In nonfiction writing, I am learning, it is important for the purpose of a story to be greater than the personal details it contains, but at the same time to connect to the universal experiences of being human.
…sharing personal information can be a selfless act of setting aside ego and fears of vulnerability…
I am trying to take the Trekkie Ethics lesson to heart and recognize that, in the right context, sharing personal information can be a selfless act of setting aside ego and fears of vulnerability to let a story be told. In the words of writer and performer Will Reynolds: “An artist processes their lived experience in public so that others may process their lived experience in private. Art is always an act of service.”

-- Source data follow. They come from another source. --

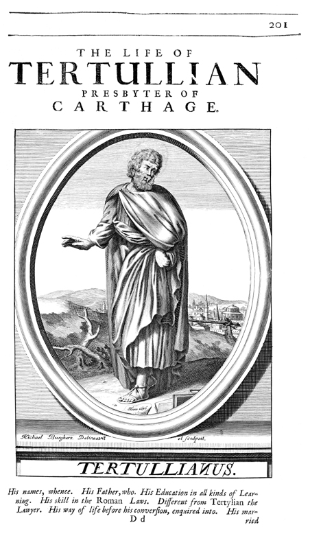 Description: Artist Michael Burghers shows Tertullian standing before Carthage.
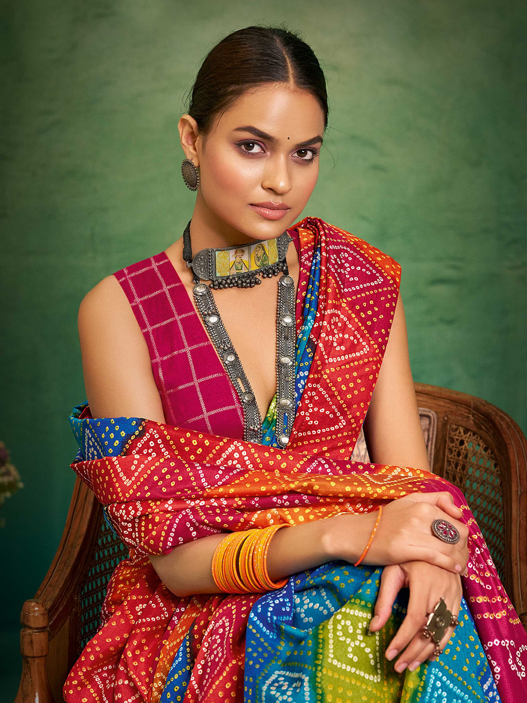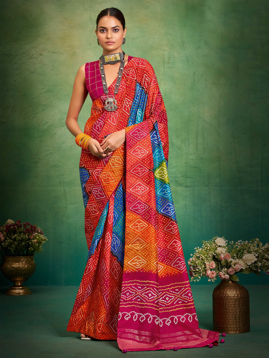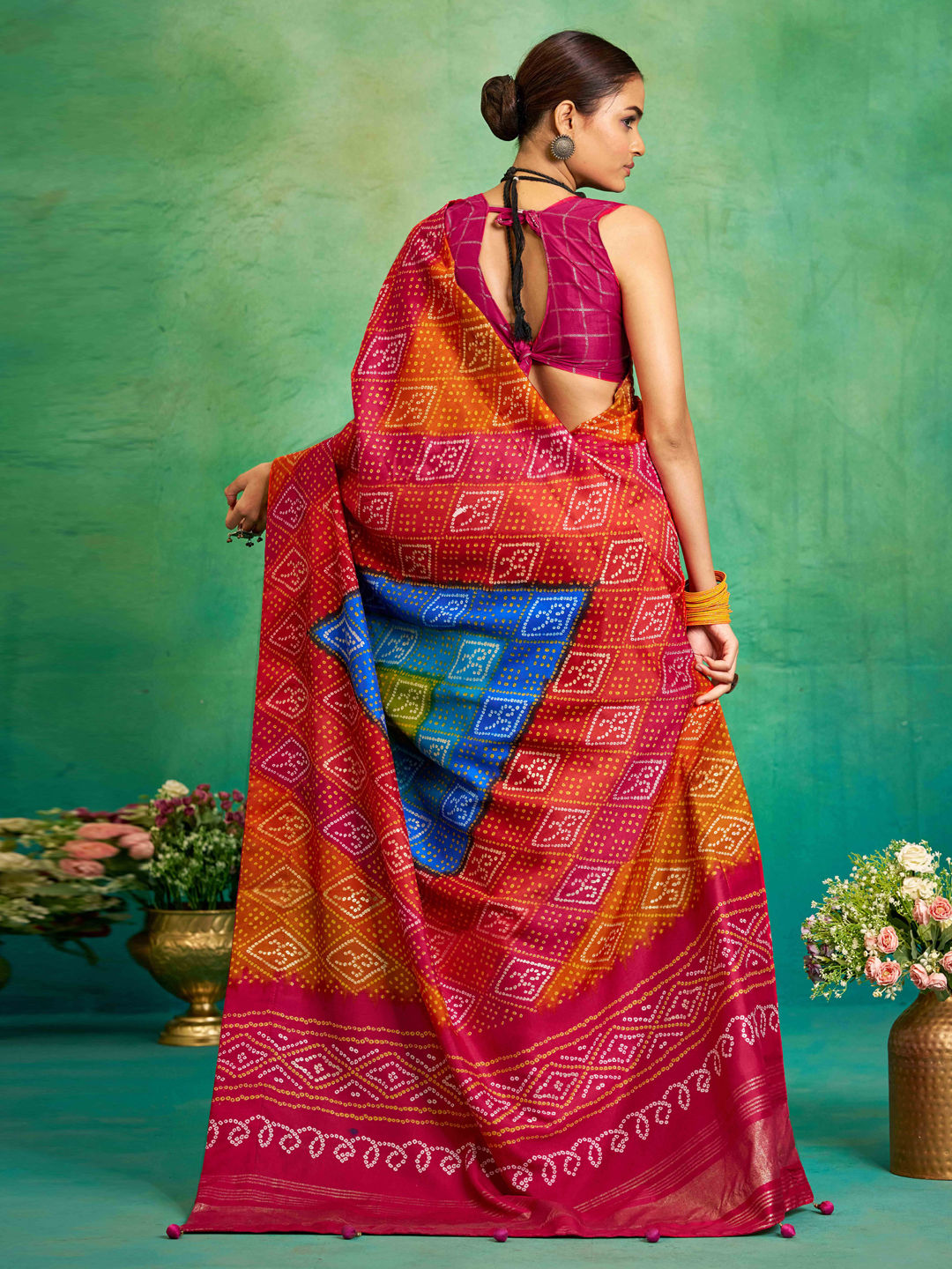 Orange color Saree in Tussar Silk fabric with Bandhej, Printed work
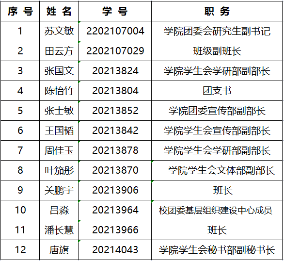 发展对象名单如下:
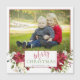 Gorgeous burgundy red, cream and green floral watercolor with hand lettered typography script words "Merry Christmas" Photo Holiday Card. Add your photo, name and date on this rustic yet elegant holiday keepsake your family and friends will cherish all year long.
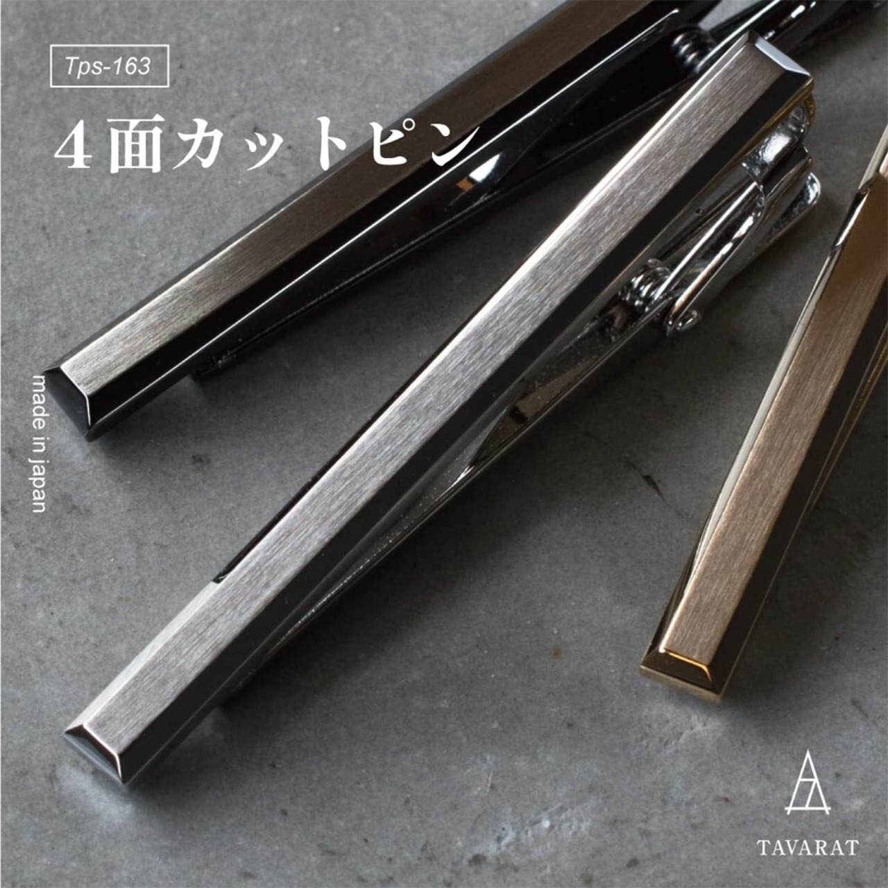 [タバラット] ネクタイピン タイピン タイバー メンズ 4面カット 日本製 真鍮 ワニ口式 (シルバー)
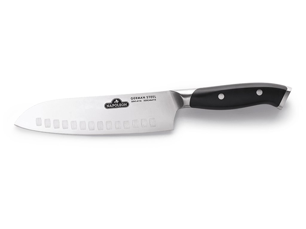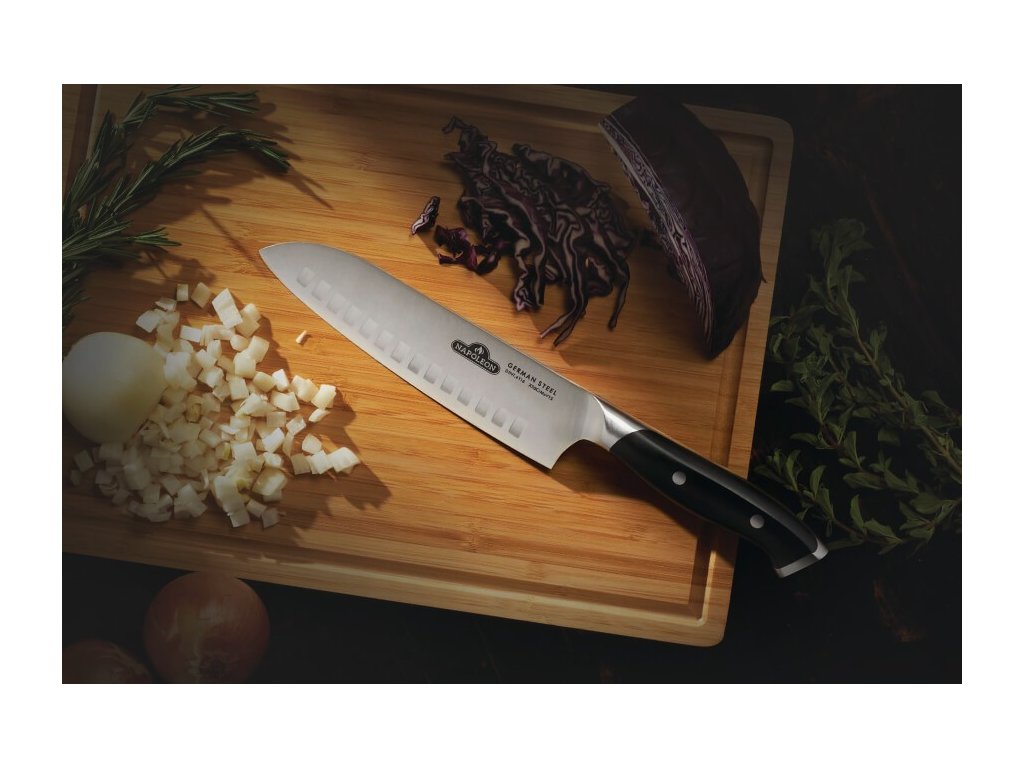 Viacúčelový nôž s čepeľou z nemeckej ocele s jamkami umožnia hladké rezanie a pohodlnú prácu. Dvojito nitovaná ergonomická rukoväť perfektne padne do ruky. Dĺžka noža je 32 cm.

This is not to say that I don’t still struggle with fears of being self-indulgent, or even selfish. But I know I’m not alone in that fear: In Andrew Solomon’s seminal book “The Noonday Demon: An Atlas of Depression,” he shares a snippet of a correspondence with a friend who also suffers from depression. The friend writes: “I have a need to share my self-obsession. I am so aware of it in my life right now I wince every time I hit the ‘I’ key. (Ouch. Ouch.)”
When the personal is the universal
As I continue to venture into non-academic writing, I am doing so with the needs of the many in mind. Mental health struggles are extremely common and are still in need of de-stigmatization, and everyone can benefit from a better understanding of how their brains work. If any of my personal details help me tell those stories, then I want to share them. If they don’t, then I won’t.
When to share something personal in a piece of writing is not an objective question, and Trekkie Ethics is not an objective answer. Writers will always disagree whether personal details are serving the needs of the many, what those needs are and if the benefits outweigh the costs. Still, the Trekkie Ethics Guide is helping me find ways to approach this problem, and I hope it can help you, too. When handled conscientiously and intentionally, even the smallest personal details can serve the larger needs of the many.
* * *
Chloe Page is a neuroscience PhD researching the mechanisms of mental health conditions like depression and anxiety as well as the basic biology of how we experience and process emotions.